#### What is being asked:
Any picture in the data below should be skipped, while every line is repeated exactly.

#### Given information:
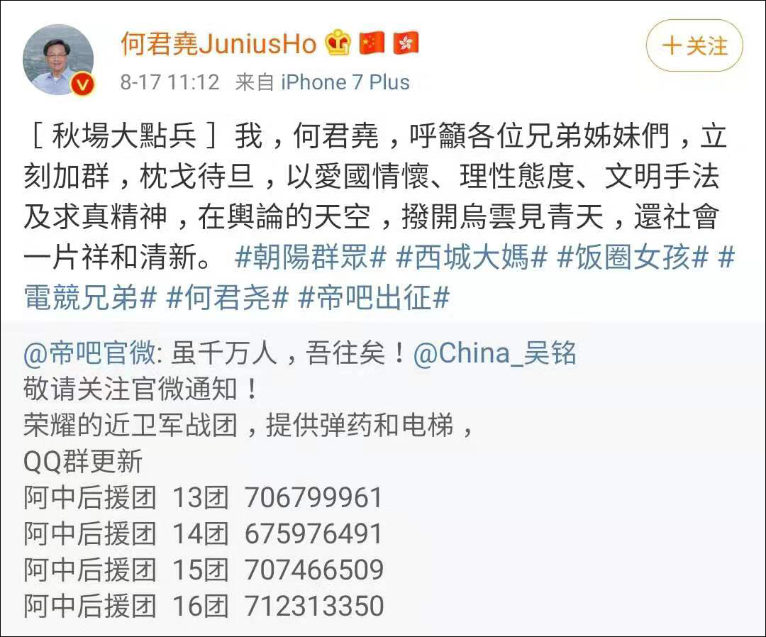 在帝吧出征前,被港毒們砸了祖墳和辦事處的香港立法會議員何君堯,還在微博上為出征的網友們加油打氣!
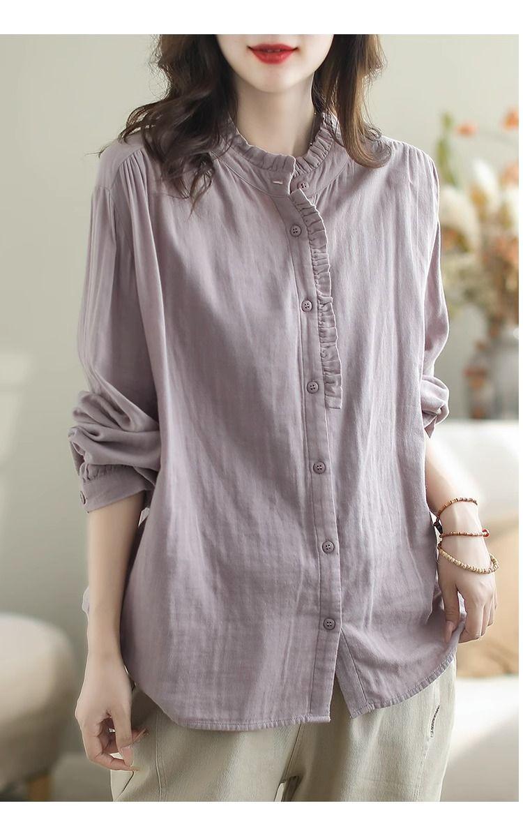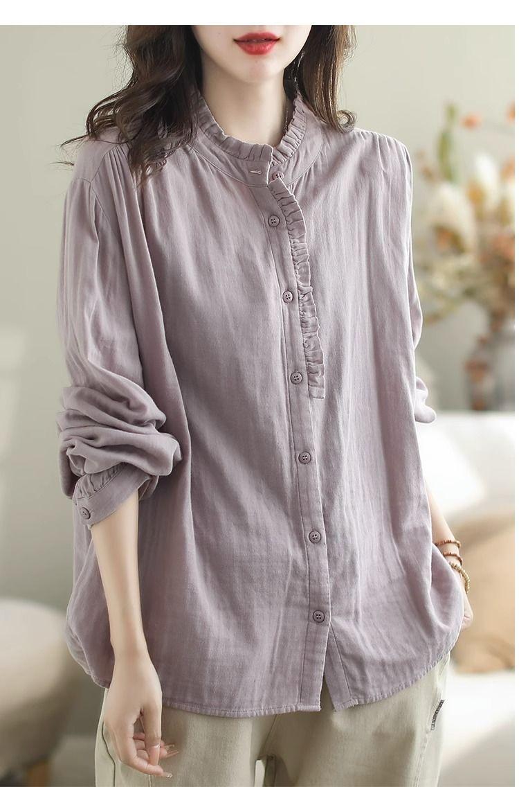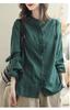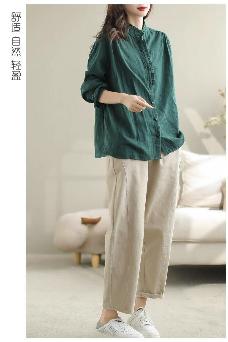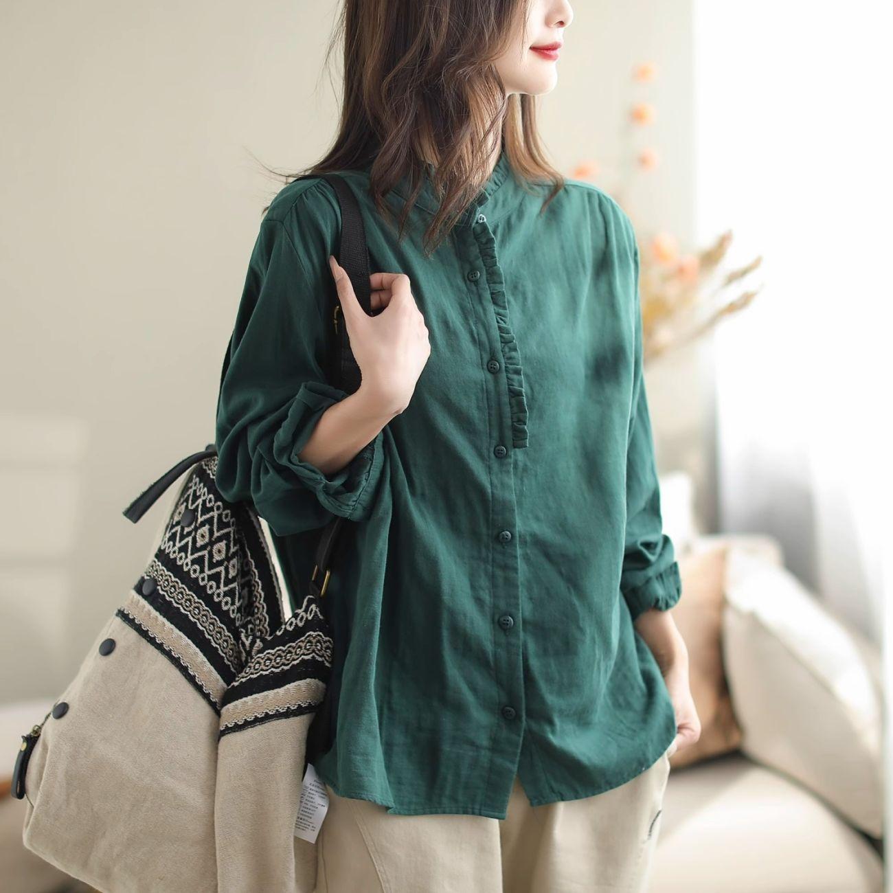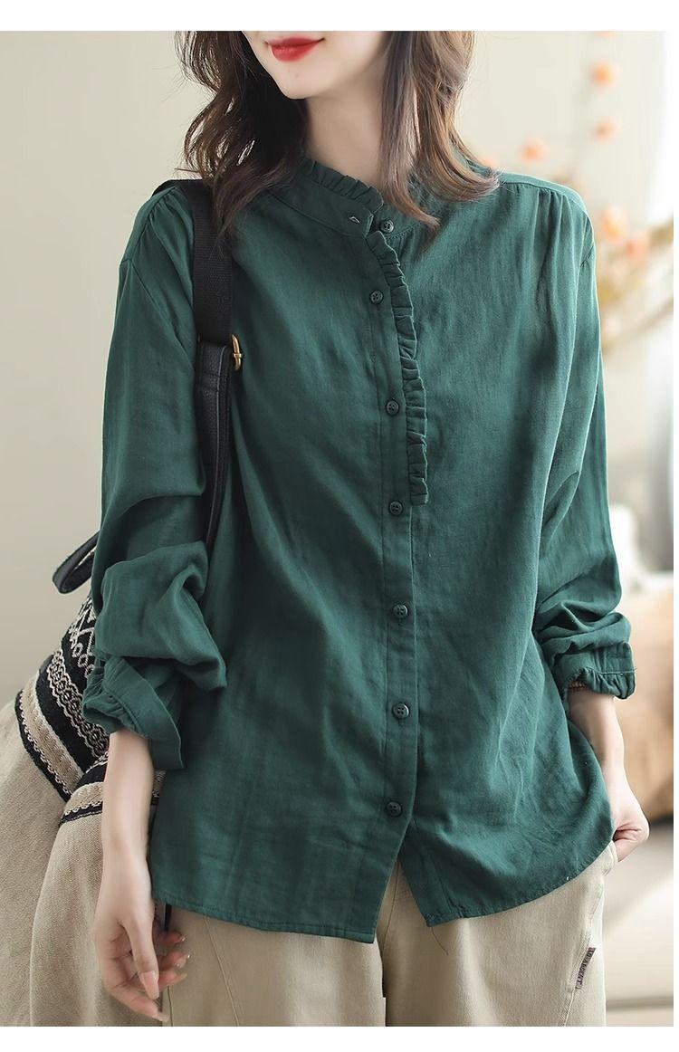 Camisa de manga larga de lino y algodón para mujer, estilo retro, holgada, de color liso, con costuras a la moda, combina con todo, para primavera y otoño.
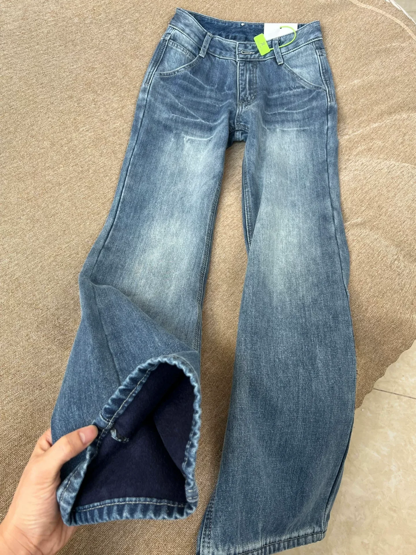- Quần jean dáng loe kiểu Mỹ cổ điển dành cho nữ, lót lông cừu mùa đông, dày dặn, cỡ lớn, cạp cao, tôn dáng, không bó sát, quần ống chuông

#### Answer to this problem:
 在帝吧出征前,被港毒們砸了祖墳和辦事處的香港立法會議員何君堯,還在微博上為出征的網友們加油打氣!
 Camisa de manga larga de lino y algodón para mujer, estilo retro, holgada, de color liso, con costuras a la moda, combina con todo, para primavera y otoño.
- Quần jean dáng loe kiểu Mỹ cổ điển dành cho nữ, lót lông cừu mùa đông, dày dặn, cỡ lớn, cạp cao, tôn dáng, không bó sát, quần ống chuông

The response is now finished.